_Working data_
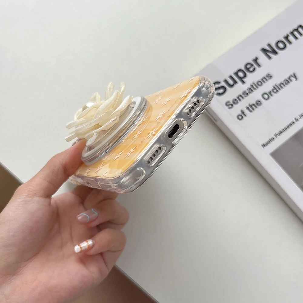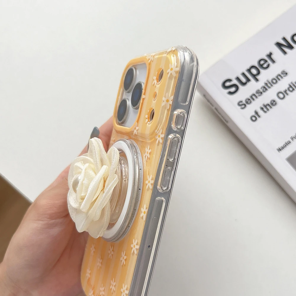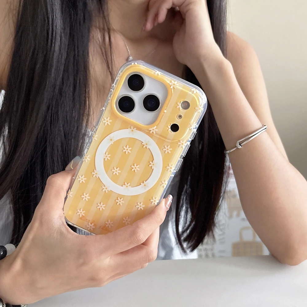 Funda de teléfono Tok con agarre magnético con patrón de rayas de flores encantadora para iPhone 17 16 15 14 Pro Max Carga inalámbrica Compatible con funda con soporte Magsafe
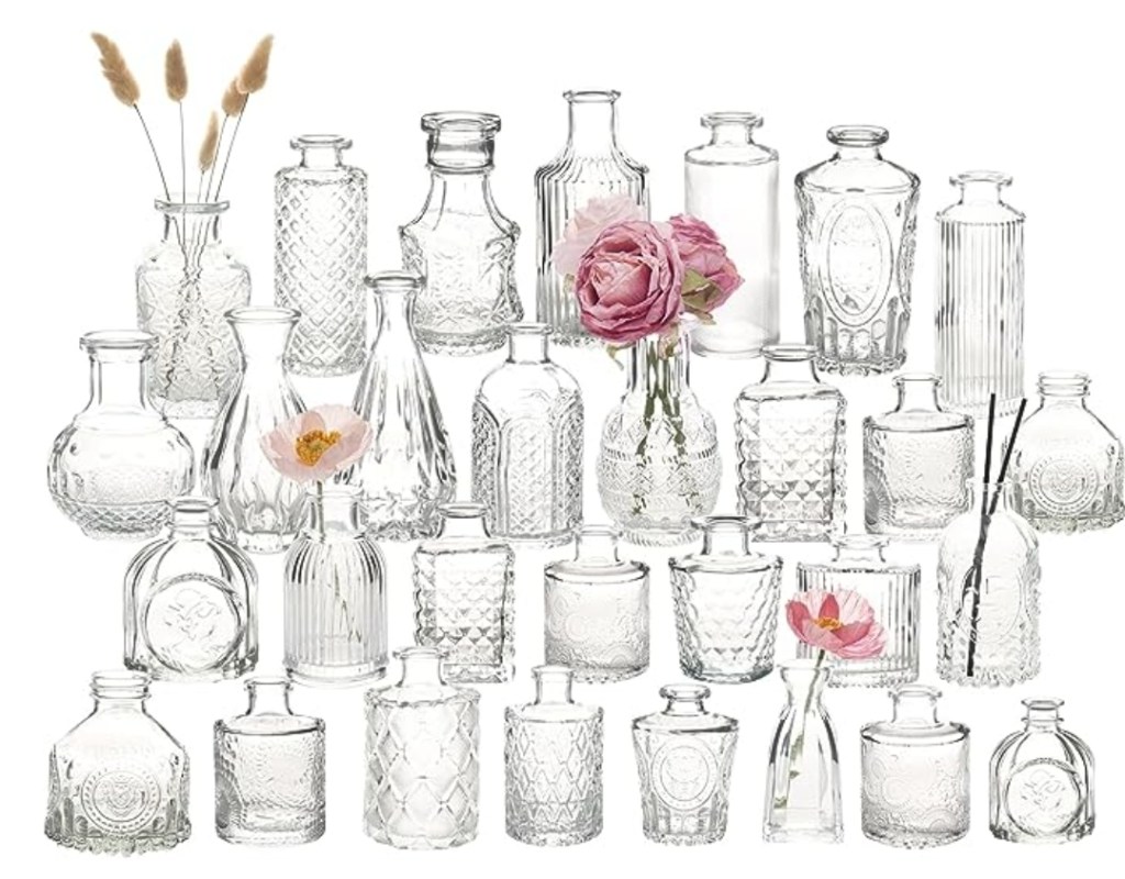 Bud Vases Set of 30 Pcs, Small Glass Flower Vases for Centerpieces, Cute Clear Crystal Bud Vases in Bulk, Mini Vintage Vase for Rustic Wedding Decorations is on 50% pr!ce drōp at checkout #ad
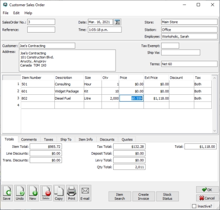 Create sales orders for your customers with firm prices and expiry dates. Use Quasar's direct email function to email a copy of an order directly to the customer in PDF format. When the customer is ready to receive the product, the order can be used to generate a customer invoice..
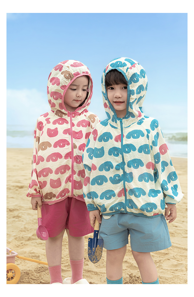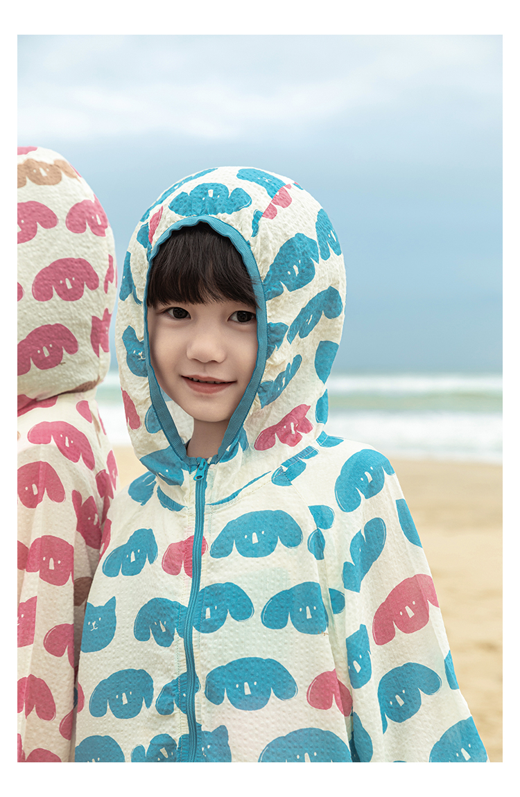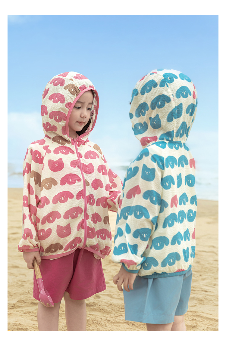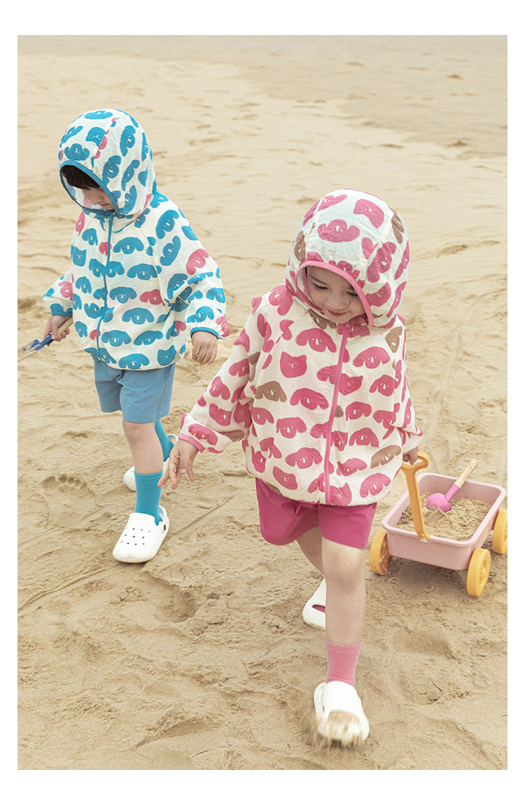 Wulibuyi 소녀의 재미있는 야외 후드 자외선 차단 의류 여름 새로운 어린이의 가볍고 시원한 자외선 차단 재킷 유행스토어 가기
==
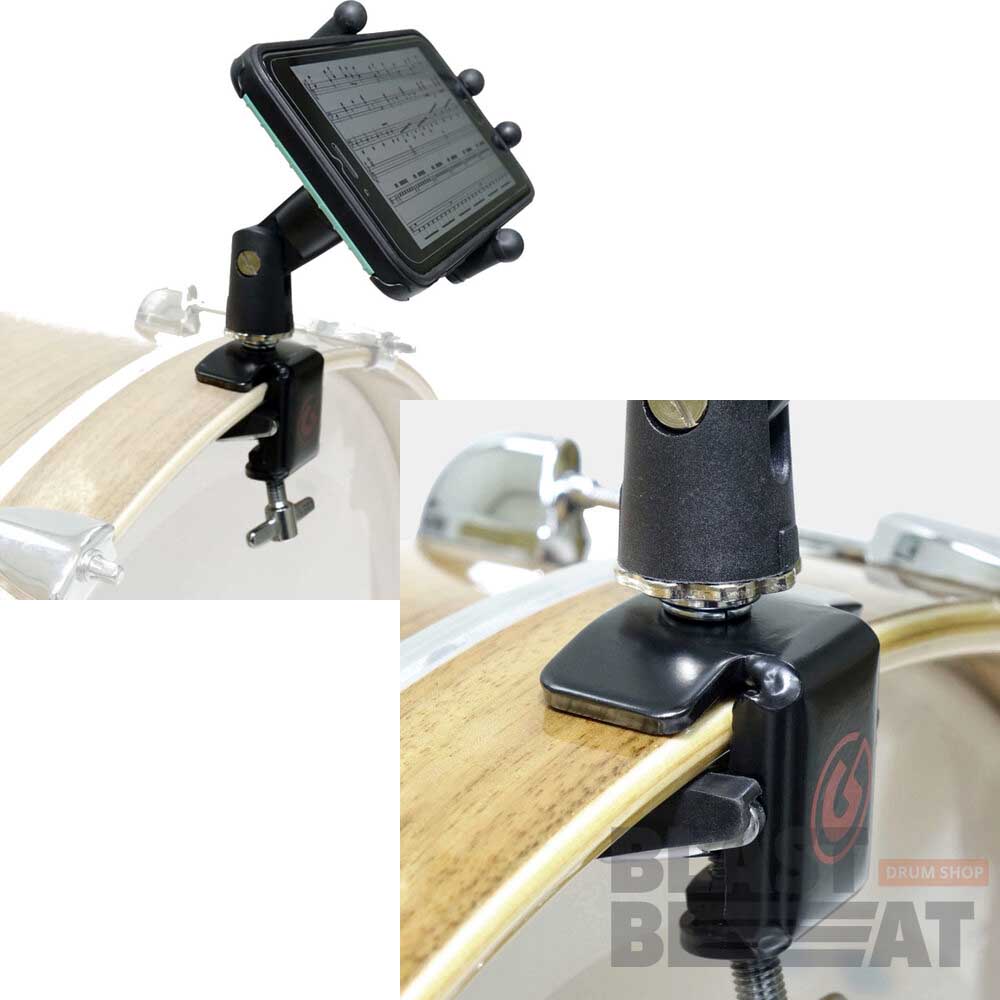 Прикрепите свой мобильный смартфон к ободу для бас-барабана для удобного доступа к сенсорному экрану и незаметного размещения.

_Assignment_
Pictures excluded, reproduce only the part above that opens with the line holding "Create sales orders" and closes with the line holding "Wulibuyi 소녀의 재미있는", exactly as written.

_Response area_
 Create sales orders for your customers with firm prices and expiry dates. Use Quasar's direct email function to email a copy of an order directly to the customer in PDF format. When the customer is ready to receive the product, the order can be used to generate a customer invoice..
 Wulibuyi 소녀의 재미있는 야외 후드 자외선 차단 의류 여름 새로운 어린이의 가볍고 시원한 자외선 차단 재킷 유행스토어 가기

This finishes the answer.